Gender-Based Hate Crime Case Goes To Trial

An individual is about to go on trial in South Carolina for the first federal hate crime trial involving gender identity. 

The man, Daqua Lameek Ritter, is accused of killing a Black transgender lady, known by the pseudonym “Dime Doe,” and then fleeing to New York. 

The transgender woman was lured in August 2019 to a rural region in South Carolina that was relatively unpopulated. They stopped in a remote place close to a relative’s house, and Ritter shot her three times in the head.

According to the prosecution, Ritter’s girlfriend and friends found out about his affair with the woman a month before the murder. The defense claims that the two were close friends since they were related through Ritter’s aunt and the woman’s uncle.
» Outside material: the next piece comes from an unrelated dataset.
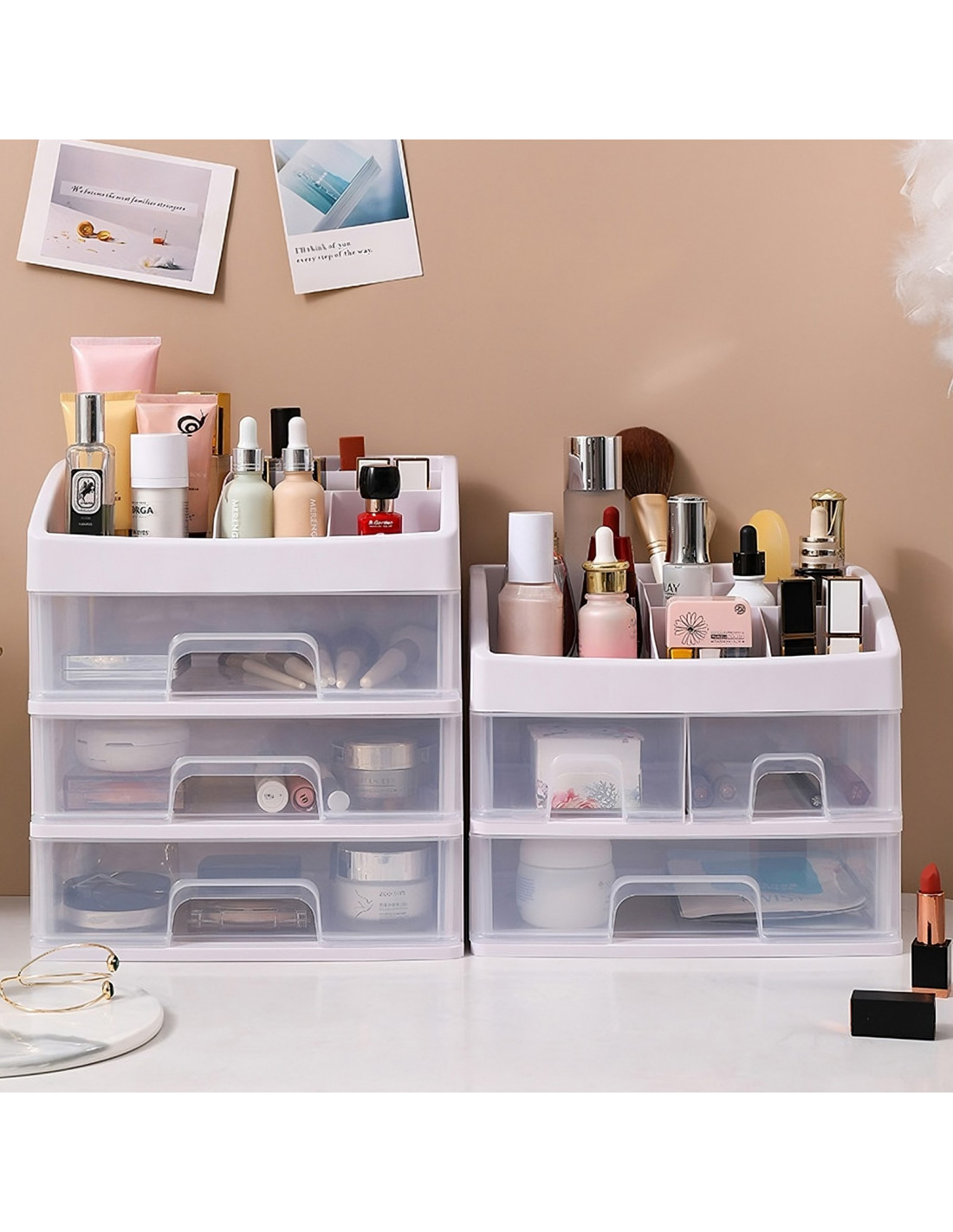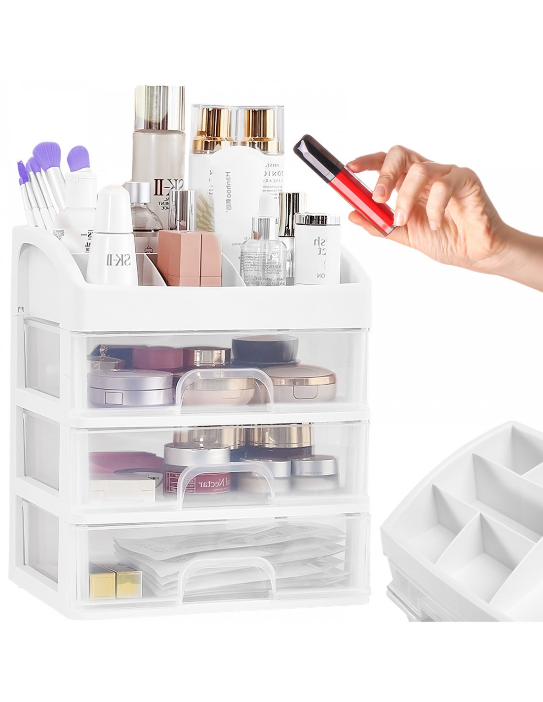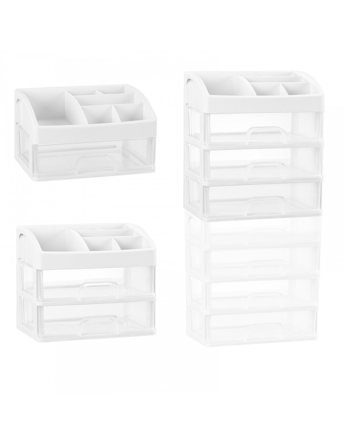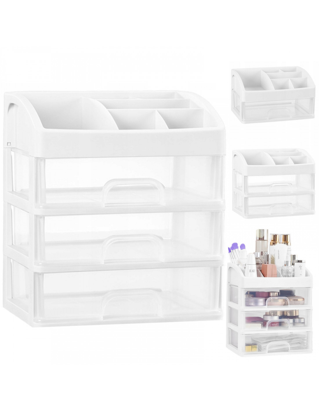 Šis kosmetikos organizatorius yra praktiškas sprendimas kosmetikai, papuošalams, biuro reikmenims ir smulkiems aksesuarams laikyti. Jis turi keturis daiktų laikymo lygius : tris erdvius stalčius ir viršutinę lentyną su šešiais skyriais, leidžiančius patogiai sutvarkyti įvairius daiktus. Pagamintas iš patvaraus, aukštos kokybės PP plastiko, jis pasižymi universaliu dizainu, kuris tinka vonios kambariui, persirengimo kambariui ar biurui.

The LGBTQ+ community has been the target of an upsurge in assaults in recent years, with transgender women of color seeing an alarmingly high number of assaults and hate crimes. The FBI recorded a 37% increase in hate crimes based on gender identification in 2022 compared to the previous year. 

Ritter faces the possibility of a maximum life sentence if found guilty of the hate crime. In August, prosecutors reportedly decided not to ask for the death penalty.

The federal government failed to pass legislation protecting victims from crimes motivated by their gender identity or orientation until 2009. 

The first person whose gender identity was the basis for their murderer’s prosecution occurred in 2017. A man in Mississippi murdered a 17-year-old and received a 49-year sentence. The case did not go to trial.

Assistant United States Attorney Brook Andrews stated that this South Carolina case is unique in that it will be tried in court for the first time on Tuesday. 

A federal jury has never before considered the victim’s gender identity while deciding whether or not to impose a punishment.